Les vomitoires des tribunes se dégorgeaient dans un labyrinthe de corridors plein parfois d’un bruit farouche.
La Convention encombrait le palais et refluait jusque dans les hôtels voisins, l’hôtel de Longueville, l’hôtel de Coigny. C’est à l’hôtel de Coigny qu’après le 10 août, si l’on en croit une lettre de lord Bradford, on transporta le mobilier royal. Il fallut deux mois pour vider les Tuileries.
Les comités étaient logés aux environs de la salle; au pavillon-Égalité, la législation, l’agriculture et le commerce; au pavillon-Liberté, la marine, les colonies, les finances, les assignats, le salut public; au pavillon-Unité, la guerre.
Le Comité de sûreté générale communiquait directement avec le Comité de salut public par un couloir obscur, éclairé nuit et jour d’un réverbère, où allaient et venaient les espions de tous les partis. On n’y parlait pas.
La barre de la Convention a été plusieurs fois déplacée.
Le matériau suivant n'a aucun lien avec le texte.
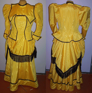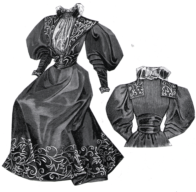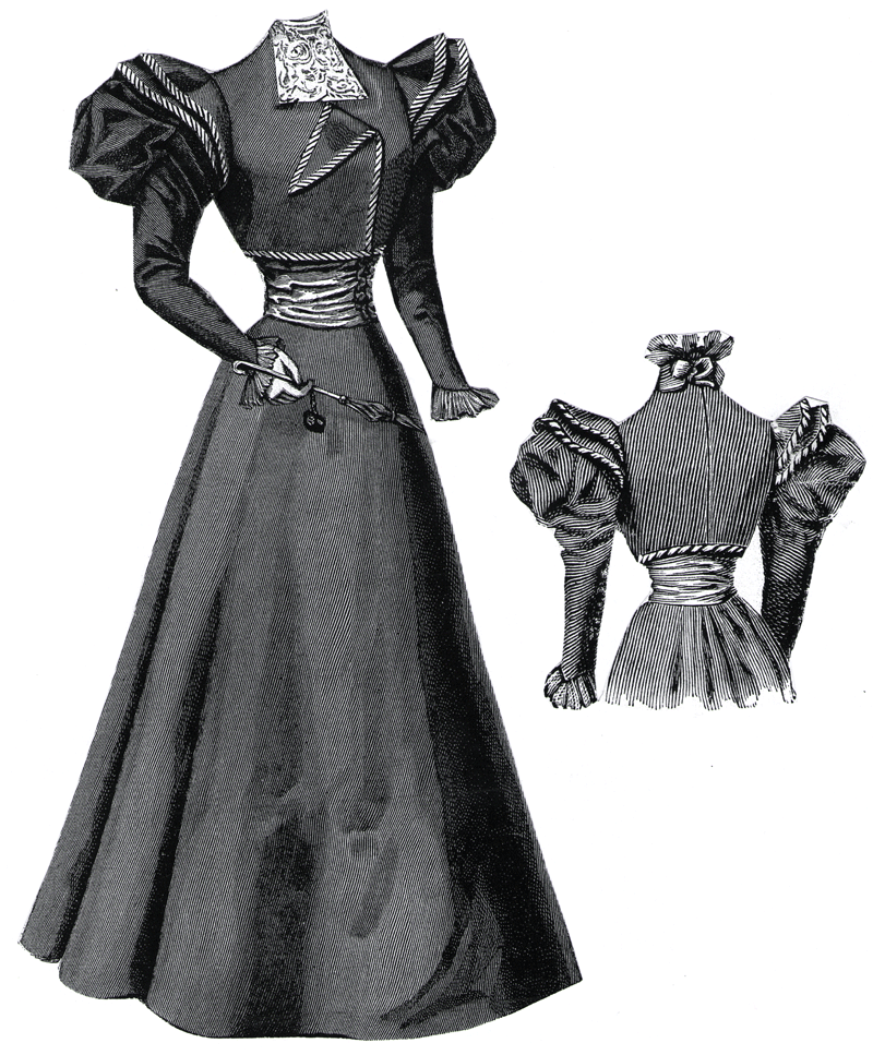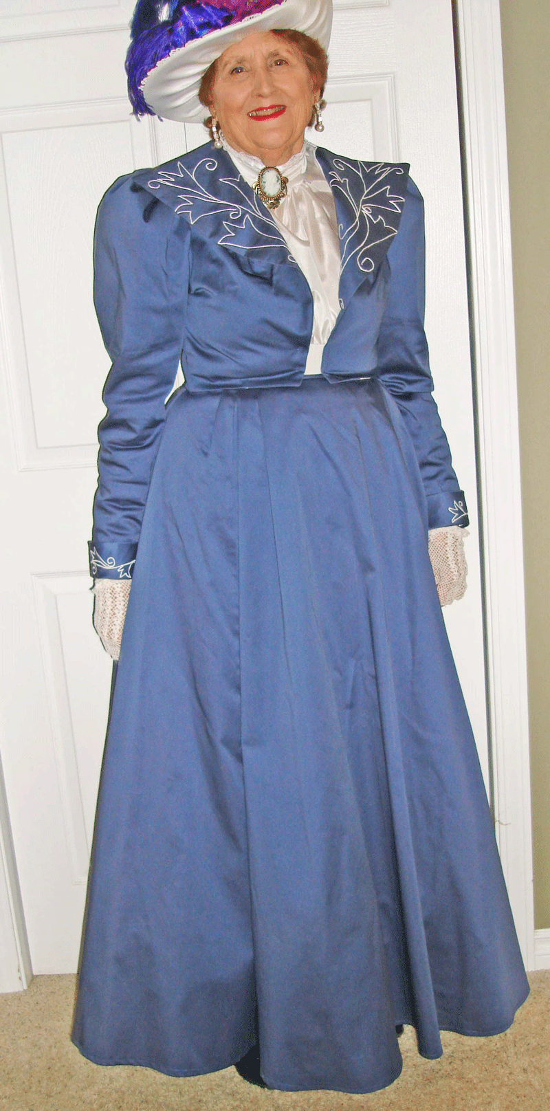 It has a plain gored skirt in six breadths. Pattern consists of jacket, vest and skirt.

Habituellement elle était à droite du président.
Aux deux extrémités de la salle, les deux cloisons verticales qui fermaient du côté droit et du côté gauche les demi-cercles concentriques de l’amphithéâtre laissaient entre elles et le mur deux couloirs étroits et profonds sur lesquels s’ouvraient deux sombres portes carrées. On entrait et on sortait par là.
Les représentants entraient directement dans la salle par une porte donnant sur la terrasse des Feuillants.
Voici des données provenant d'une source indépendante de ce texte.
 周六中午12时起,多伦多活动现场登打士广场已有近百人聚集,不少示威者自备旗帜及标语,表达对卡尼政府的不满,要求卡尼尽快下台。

Cette salle, peu éclairée le jour par de pâles fenêtres, mal éclairée, quand venait le crépuscule, par des flambeaux livides, avait on ne sait quoi de nocturne. Ce demi-éclairage s’ajoutait aux ténèbres du soir; les séances aux lampes étaient lugubres. On ne se voyait pas; d’un bout de la salle à l’autre, de la droite à la gauche, des groupes de faces vagues s’insultaient. On se rencontrait sans se reconnaître. Un jour Laignelot, courant à la tribune, se heurte, dans le couloir de descente, à quelqu’un. – Pardon, Robespierre, dit-il. – Pour qui me prends-tu? répond une voix rauque. – Pardon, Marat, dit Laignelot.
En bas, à droite et à gauche du président, deux tribunes étaient réservées; car, chose étrange, il y avait à la Convention des spectateurs privilégiés. Ces tribunes étaient les seules qui eussent une draperie. Au milieu de l’architrave, deux glands d’or relevaient cette draperie. Les tribunes du peuple étaient nues.
Tout cet ensemble était violent, sauvage, régulier. Le correct dans le farouche; c’est un peu toute la révolution. La salle de la Convention offrait le plus complet spécimen de ce que les artistes ont appelé depuis «l’architecture messidor»; c’était massif et grêle. Les bâtisseurs de ce temps-là prenaient le symétrique pour le beau. Le dernier mot de la Renaissance avait été dit sous Louis XV, et une réaction s’était faite. On avait poussé le noble jusqu’au fade, et la pureté jusqu’à l’ennui. La pruderie existe en architecture. Après les éblouissantes orgies de forme et de couleur du dix-huitième siècle, l’art s’était mis à la diète, et ne se permettait plus que la ligne droite. Ce genre de progrès aboutit à la laideur. L’art réduit au squelette, tel est le phénomène. C’est l’inconvénient de ces sortes de sagesses et d’abstinences; le style est si sobre qu’il devient maigre.